#### Your instructions
Please restate the entries below word for word, leaving out any pictures.
☆ ☆ ☆
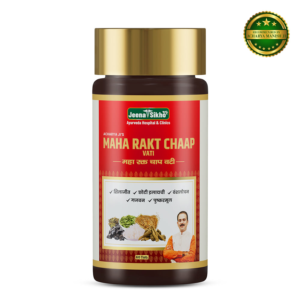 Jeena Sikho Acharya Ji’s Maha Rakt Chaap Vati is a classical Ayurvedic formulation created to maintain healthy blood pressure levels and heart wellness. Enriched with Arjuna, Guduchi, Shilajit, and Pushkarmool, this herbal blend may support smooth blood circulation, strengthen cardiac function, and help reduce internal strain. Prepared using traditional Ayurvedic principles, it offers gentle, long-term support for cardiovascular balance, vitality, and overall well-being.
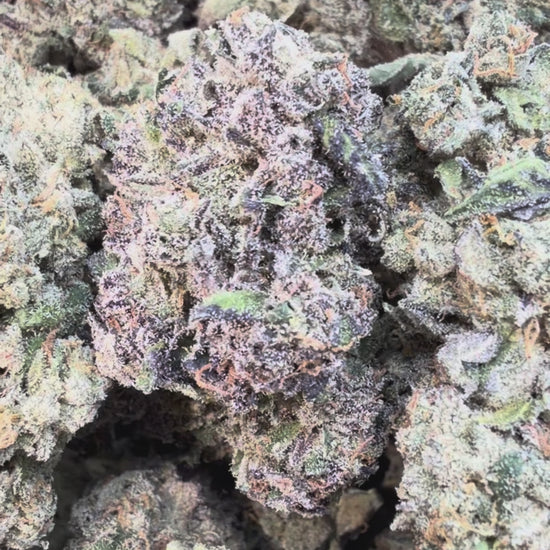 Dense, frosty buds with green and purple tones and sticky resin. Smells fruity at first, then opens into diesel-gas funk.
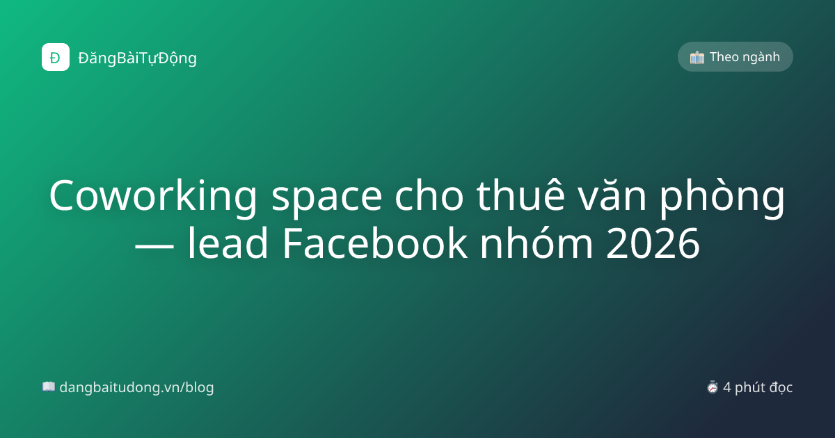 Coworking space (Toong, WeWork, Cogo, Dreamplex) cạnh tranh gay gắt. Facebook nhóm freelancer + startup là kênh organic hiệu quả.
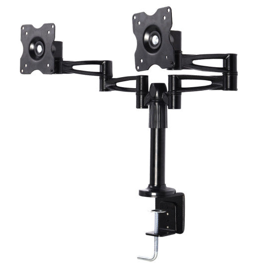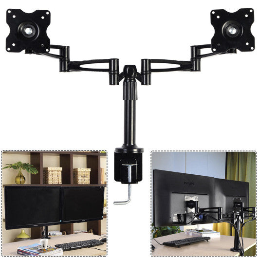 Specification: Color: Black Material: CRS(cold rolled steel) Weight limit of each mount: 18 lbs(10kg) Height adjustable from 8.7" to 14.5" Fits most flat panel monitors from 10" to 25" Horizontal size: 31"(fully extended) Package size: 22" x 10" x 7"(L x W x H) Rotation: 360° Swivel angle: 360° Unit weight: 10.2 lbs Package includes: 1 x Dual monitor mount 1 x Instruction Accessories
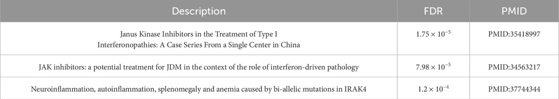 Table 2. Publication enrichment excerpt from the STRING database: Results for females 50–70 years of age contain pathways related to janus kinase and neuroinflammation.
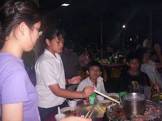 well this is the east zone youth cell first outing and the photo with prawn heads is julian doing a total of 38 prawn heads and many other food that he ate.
☆ ☆ ☆
#### Response
 Jeena Sikho Acharya Ji’s Maha Rakt Chaap Vati is a classical Ayurvedic formulation created to maintain healthy blood pressure levels and heart wellness. Enriched with Arjuna, Guduchi, Shilajit, and Pushkarmool, this herbal blend may support smooth blood circulation, strengthen cardiac function, and help reduce internal strain. Prepared using traditional Ayurvedic principles, it offers gentle, long-term support for cardiovascular balance, vitality, and overall well-being.
 Dense, frosty buds with green and purple tones and sticky resin. Smells fruity at first, then opens into diesel-gas funk.
 Coworking space (Toong, WeWork, Cogo, Dreamplex) cạnh tranh gay gắt. Facebook nhóm freelancer + startup là kênh organic hiệu quả.
 Specification: Color: Black Material: CRS(cold rolled steel) Weight limit of each mount: 18 lbs(10kg) Height adjustable from 8.7" to 14.5" Fits most flat panel monitors from 10" to 25" Horizontal size: 31"(fully extended) Package size: 22" x 10" x 7"(L x W x H) Rotation: 360° Swivel angle: 360° Unit weight: 10.2 lbs Package includes: 1 x Dual monitor mount 1 x Instruction Accessories
 Table 2. Publication enrichment excerpt from the STRING database: Results for females 50–70 years of age contain pathways related to janus kinase and neuroinflammation.
 well this is the east zone youth cell first outing and the photo with prawn heads is julian doing a total of 38 prawn heads and many other food that he ate.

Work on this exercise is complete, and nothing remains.